First, These Assumptions…

Perhaps we should define terms before we launch even further into this exploration. What is it that makes a culture "sustainable?" What are the essential characteristics that display the full range of "sustainability" levels in various cultures? And, might it be possible to develop something of a S-Culture Index to measure various societies and cultures on these dimensions? Here is an initial list of such characteristics:

  • Sustainable Cultures develop, propagate and update a compelling vision, a sense of transcendent purpose, and a series of superordinate goals to create common cause for a complex culture.
  • Sustainable Cultures focus on systemic health and well-being rather than on one-time initiatives or any magical "quick-fix."
  • Sustainable Cultures embrace the evolutionary dynamic and recognize that the center of gravity for the culture will shift as conditions of existence change in the milieu, either progressive or regressive.
  • Sustainable Cultures accept that dynamic tension is part of life itself and have learned how to differentiate between destructive and constructive conflict.
  • Sustainable Cultures disseminate self-reliance and responsible decision-making at every level, in every function, and on every issue.
  • Sustainable Cultures mesh the four bottom-lines – purpose, profit, people, and planet – and realize that to accomplish any one of the four they must also experience success in the other three.
  • Sustainable Cultures develop a sense of collective individuality in that the two are seen as cyclical blends and ratios rather than extremes or poles.
  • Sustainable Cultures respect the past-present-future timeline and think of each as an element in the seamless flow of nature.
  • Sustainable Cultures deal with causes and symptoms in a simultaneous, interdependent fashion.
  • Sustainable Cultures possess the capacity to renew themselves whenever the problems of existence create greater complexity than available solutions.
  • Sustainable Cultures integrate economic, political, social, environmental, spiritual and educational domains in an integral fashion.
  • Sustainable Cultures transmit their codes to the present generation while, at the same time, prepare the youth for different conditions in the near and far future.
  • Sustainable Cultures transcend but include previous ways of being while always anticipating what will be next, thus living in open systems.

Challenge to NIDO

Here is a unique challenge and opportunity that you might want to contemplate. Consider turning NIDO into a creative laboratory, a generator and depository of knowledge regarding sustainability, a global resource center for learning how to mesh "clean" energy, human needs, technological sophistication and natural habitats that can be transported elsewhere. So, today – June 18, 2001 – while you are symbolizing the initiation of the renovated monumental NIDO office building – you will also show the same courage, vision, and commitment that so characterized your forebears four centuries ago… and venture out into "The North Sea" once again. And, by the way, this time as compass you might, instead, take along a GPS device.

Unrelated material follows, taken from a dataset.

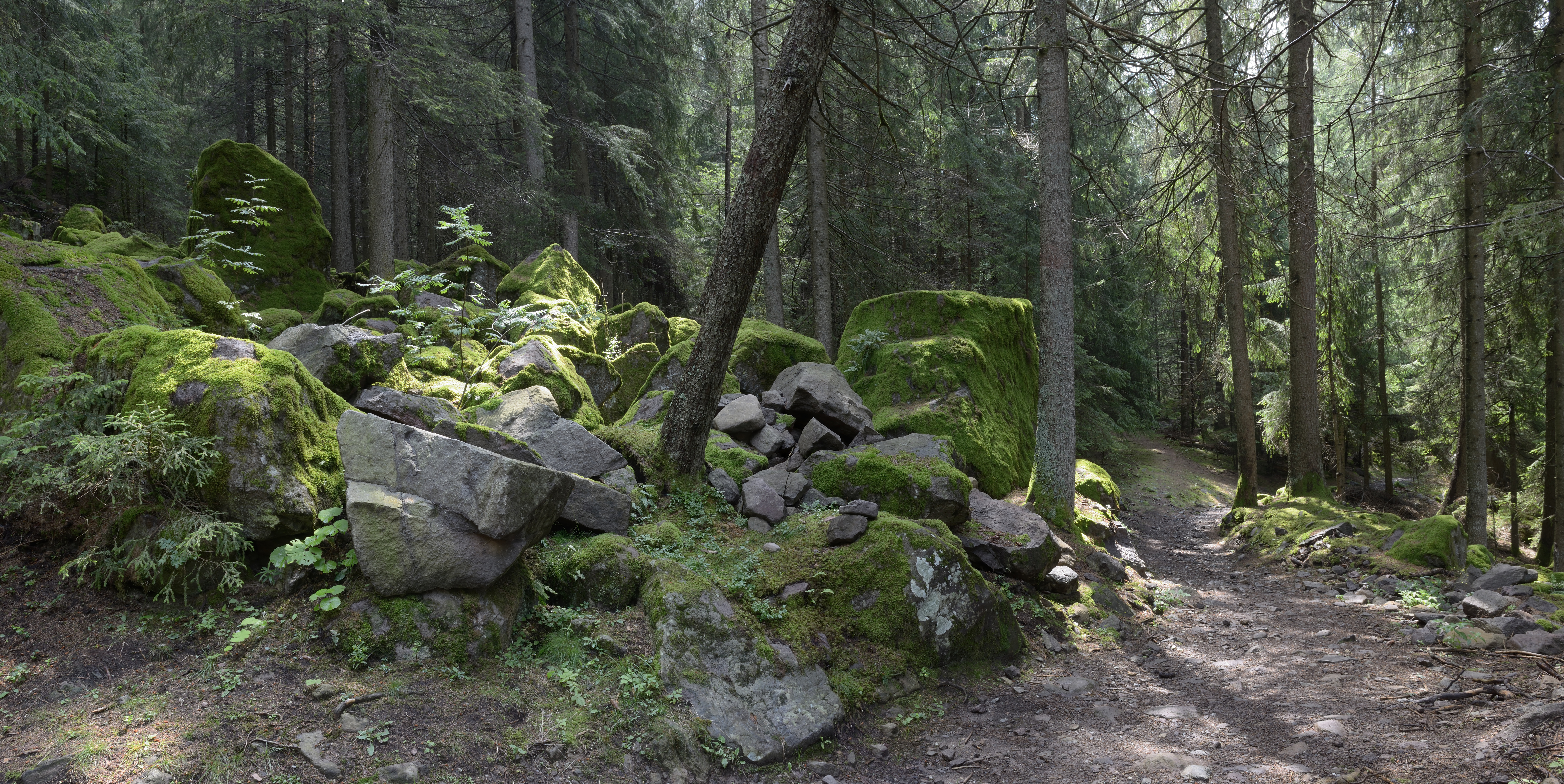 The Possteig trail in Pontives, St. Peter (Lajen), South Tyrol.

To make all of the above possible, I wish to offer new insights and procedures within these two areas – Constructive Dialogue and Cooperative Action. I will gently suggest that many of our usual constructive dialogue sessions are limited whenever they drive us into unhealthy and nonproductive circles of consensus-making rather than focus specifically on the nature of problems and their unique solutions. Second, we continue to compromise our capacity to mobilize (cooperative action) quickly and skillfully all of the resources necessary in a given situation, because our decision-making and implementation efforts are clogged by personal ambition, by rigid rule-makers who live in bureaucratic boxes, by cash-in mentalities that cannot see beyond a bank balance, or even by outside predators who bring dangerous viruses into your historic cultural canals and delicate and sensitive meshlands.

Now, the Main Act. .

To create and sustain a S-Culture, one that has the capacity, resilience, and vision to survive and prosper in the 21st Century context, the following four actions should be taken:

  • Understand the codes and dynamics that shape cultures and drive change.
  • Monitor vital signs and tension zones to track levels of sustainability.
  • Implement integral policies to promote cultural health and sustainability.
  • Employ skillful means to enhance adaptive intelligences for today and tomorrow.

Since the presentation of these basic concepts will be supported by various media forms, this description will only illustrate the ideas and recommendations. And, since I only speak two languages – American and Texan – you will have to set these concepts into the Dutch culture, people of both the low and high sky.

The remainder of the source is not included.